In the modern era, Sigmund Freud used the concept of the blank slate in his treatise “Note on the Wonder Pad” (1925) in relation to the system of perception-consciousness as distinct from the unconscious .
Some modern scientific disciplines have challenged the idea of the tabula rasa. Cognitive scientists have identified various innate mechanisms that are prerequisites for learning (e.g. a sense of objects and numbers, a theory of mind ). According to evolutionary psychology, there are a number of cultural, social, linguistic, behavioral, and psychological traits that are found in all human populations. Second, many human characteristics (e.g. appetite , vengeance , attractiveness ) can only be understood as evolutionary adaptations in the context of the hunter-gatherer . The neuroscience has shown that prenatal brain undergoes complex interconnections that are genetically controlled. The tabula rasa is also incompatible with the knowledge of behavioral genetics that all personality traits are partly hereditary .
- Steven Pinker : The blank slate.
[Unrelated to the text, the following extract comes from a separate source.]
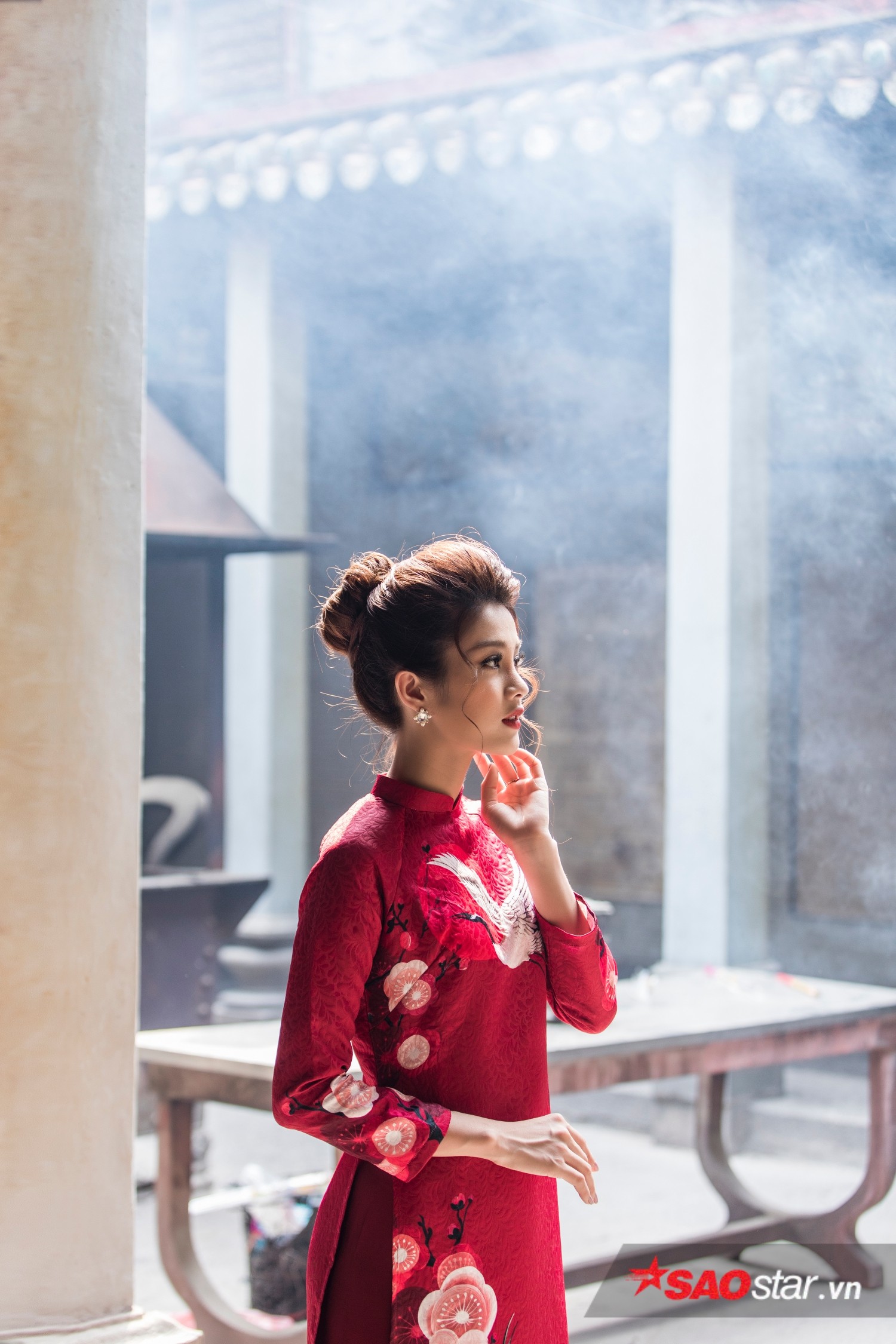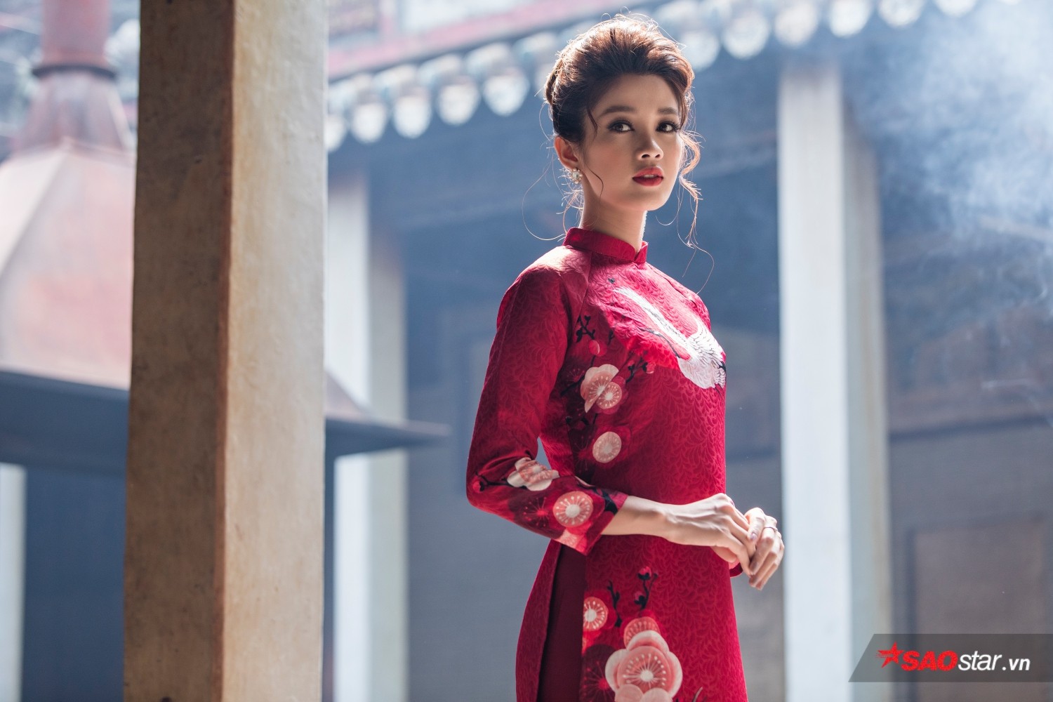 Mỹ Duyên diện áo dài đỏ rực rỡ trong bộ ảnh chào đón năm mới.

The modern denial of human nature. Berlin-Verlag, Berlin 2003, ISBN 3-8270-0509-4 .
- Duden online: tabula rasa
- Arnim Regenbogen , Uwe Meyer: Dictionary of Philosophical Terms. Meiner, Hamburg 2005, keyword tabula rasa .
- Plato: Theaitetos 191c (translation by Friedrich Schleiermacher 1805)
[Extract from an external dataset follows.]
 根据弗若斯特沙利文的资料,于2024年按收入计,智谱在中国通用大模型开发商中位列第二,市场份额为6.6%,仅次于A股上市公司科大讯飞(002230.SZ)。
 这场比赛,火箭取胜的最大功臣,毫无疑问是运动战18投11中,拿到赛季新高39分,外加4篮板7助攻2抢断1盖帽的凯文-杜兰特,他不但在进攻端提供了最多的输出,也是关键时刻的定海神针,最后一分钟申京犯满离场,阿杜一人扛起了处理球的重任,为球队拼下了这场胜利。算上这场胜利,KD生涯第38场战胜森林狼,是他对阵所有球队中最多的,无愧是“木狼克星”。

- Aristotle: De anima ( About the soul ) III 4, 429b29-430a2.
- Thomas Aquinas, Summa Theologiae I, q. 79 art. 2 corr
- Otfried Höffe: Small history of philosophy. 2nd edition, CH Beck, Munich 2008, p. 175.
- John Locke: Experiment on Human Mind , 1690. Book 2 chap. 1 § 2: “ (All ideas come from sensual and self-perception.) So we want to assume that the soul is, as they say, a white, blank sheet of paper, without any ideas; how is it now being supplied with it? "(translation by Julius von Kirchmann 1872/73)
- Leibniz after P. Kunzmann; F.-P. Burkard; F. Wiedemann, dtv-Atlas Philosophie , Munich, dtv, 13th edition 2007, p. 113.
- Otfried Höffe: Small history of philosophy. 2nd edition, Beck, Munich 2008, p. 190.
- Sigmund Freud: Note on the "wonder block" textlog.de
- Steven Pinker: The Blank Slate (PDF), in: The General Psychologist , 2006, Vol. 41, No. 1, pp. 1-8.